• Task objective: Exact reproduction is required for the lines below starting at the line with "ps, for fute" and ending at the line with "Fitinka koleno 45°", both included. No other lines, and no pictures.

• Data to examine:
⁂
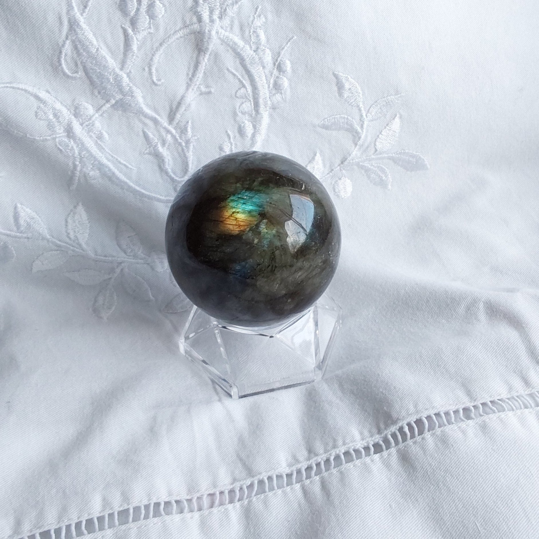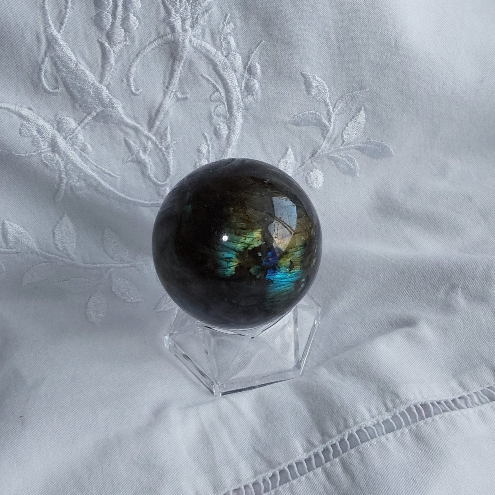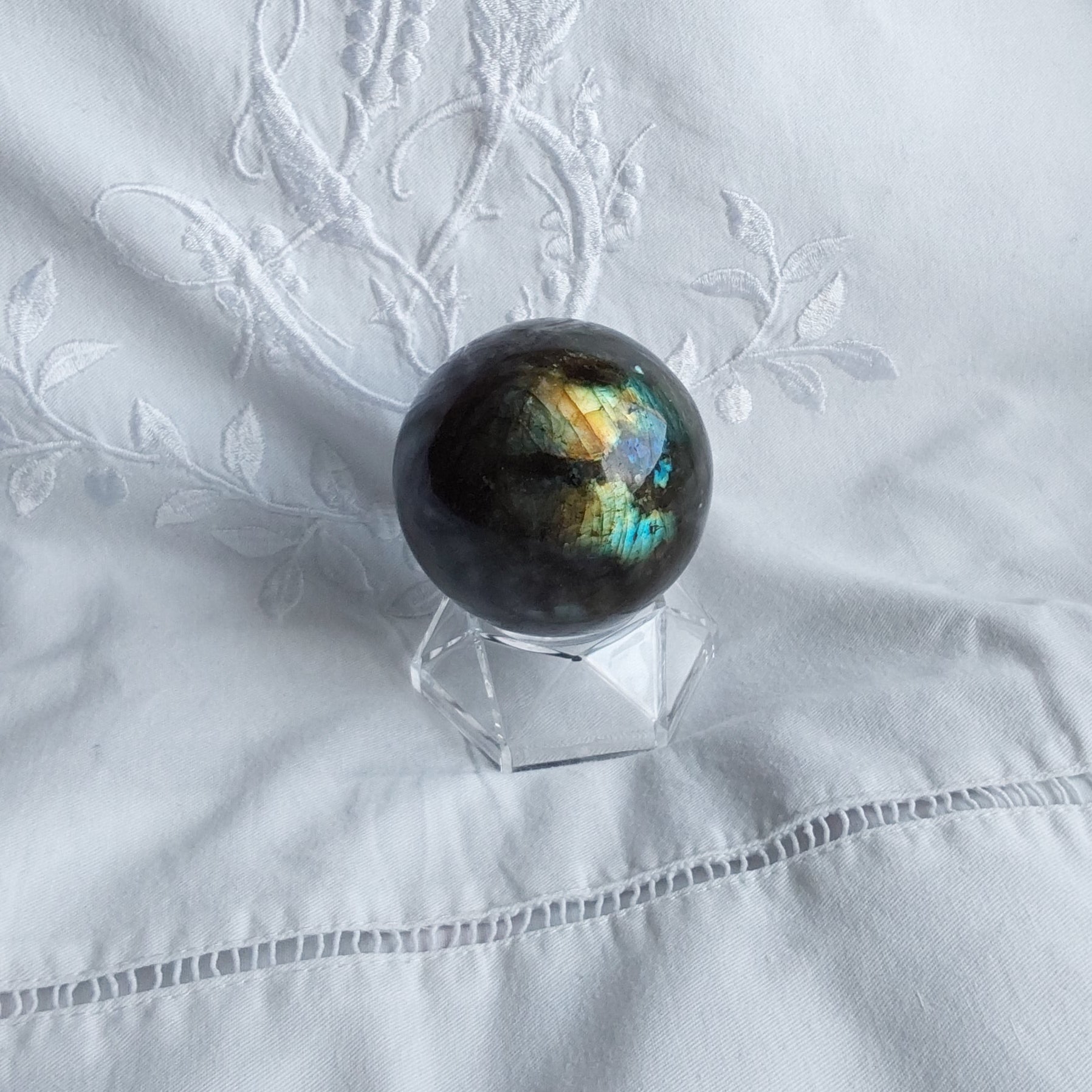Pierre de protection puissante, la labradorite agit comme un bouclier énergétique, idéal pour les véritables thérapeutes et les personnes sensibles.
⁂
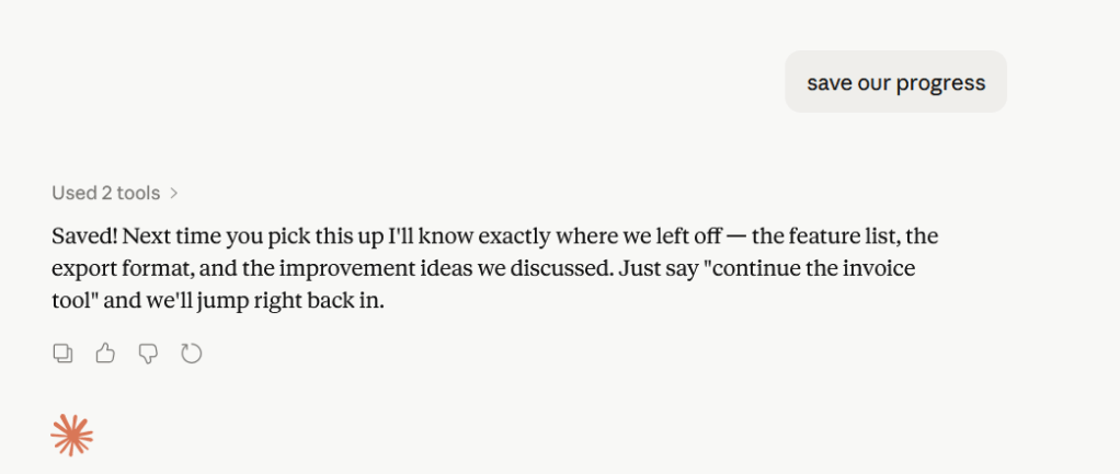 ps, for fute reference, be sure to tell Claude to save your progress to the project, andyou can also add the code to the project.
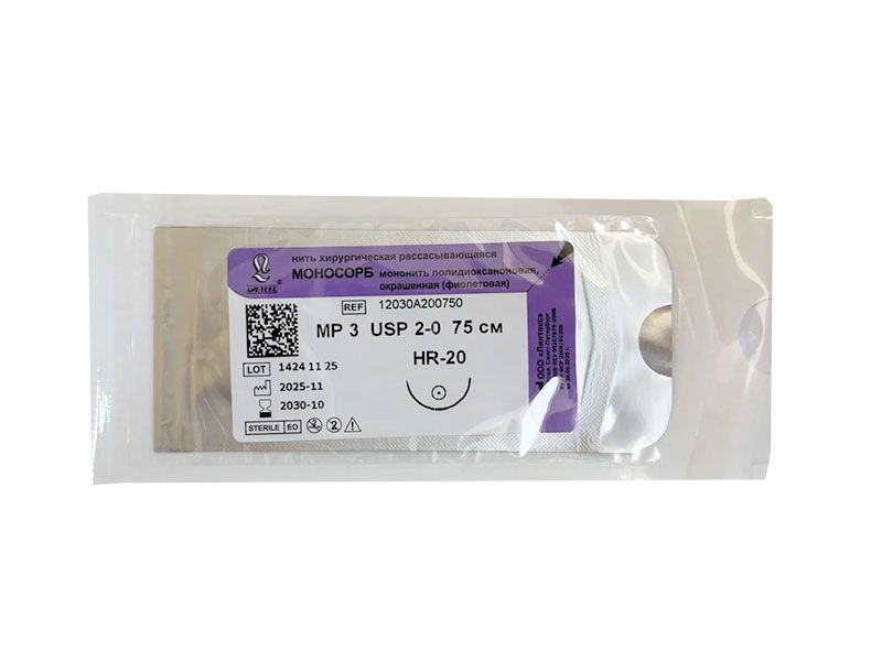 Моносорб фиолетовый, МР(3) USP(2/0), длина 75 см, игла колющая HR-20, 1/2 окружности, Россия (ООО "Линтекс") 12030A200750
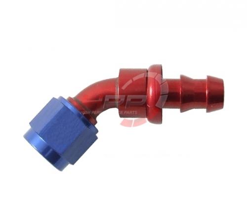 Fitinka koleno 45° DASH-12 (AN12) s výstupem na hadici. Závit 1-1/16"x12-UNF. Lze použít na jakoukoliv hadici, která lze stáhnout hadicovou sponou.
⁂
• Answer to this task:
 ps, for fute reference, be sure to tell Claude to save your progress to the project, andyou can also add the code to the project.
 Моносорб фиолетовый, МР(3) USP(2/0), длина 75 см, игла колющая HR-20, 1/2 окружности, Россия (ООО "Линтекс") 12030A200750
 Fitinka koleno 45° DASH-12 (AN12) s výstupem na hadici. Závit 1-1/16"x12-UNF. Lze použít na jakoukoliv hadici, která lze stáhnout hadicovou sponou.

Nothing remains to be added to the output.